Do you have access to a shop where she can try different manufacturers and models? She will benefit from trying many different bow to see which she prefers.

That being said, here are my thoughts on the ES (kinda) and Avail. I just moved from a Carbon Rose to an Avail. I originally picked the CR over the ES because the draw was more friendly (less agressive) and the valley more generous.

The Avail feels like a massive upgrade over both Bowtechs. The Avail draw cycle is super smooth compared with the CR. Avail is also quieter, less hand shocky, and (for me) way more repeatable and accurate. Also it was way easier to tune.

Both Bowtechs are lighter and easier to adjust for DL. The back wall (limb stop) is also really solid, which I appreciated when I was just starting out but now feels too abrupt.

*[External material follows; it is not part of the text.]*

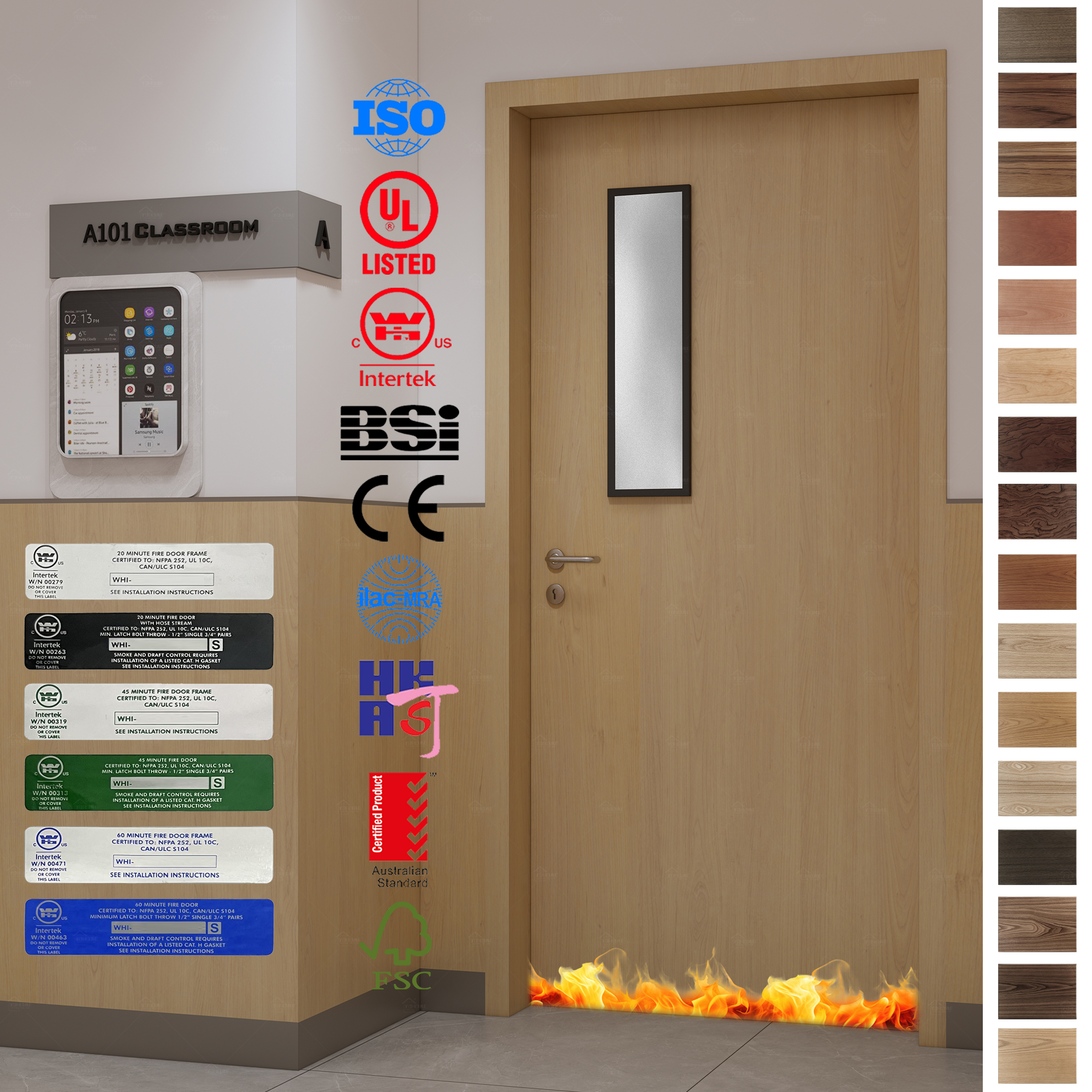 Our wooden fire rated doors undergo rigorous testing and certification to ensure their safety and reliability in the event of a fire. Specific certifications include:

Good luck and I hope your wife finds a bow she loves!


----------



## CLCampbell (Dec 31, 2016)

My sister in law loved the Eva Shockey


----------



## Wendilime (Jul 20, 2019)

I have the Avail and still struggle with it.


----------



## Vhorn07 (Sep 4, 2019)

My GF shot the bowtech Carbon Rose and then added an Avail. She was able to be much more consistent with the Avail because of the smoothness she thought.


----------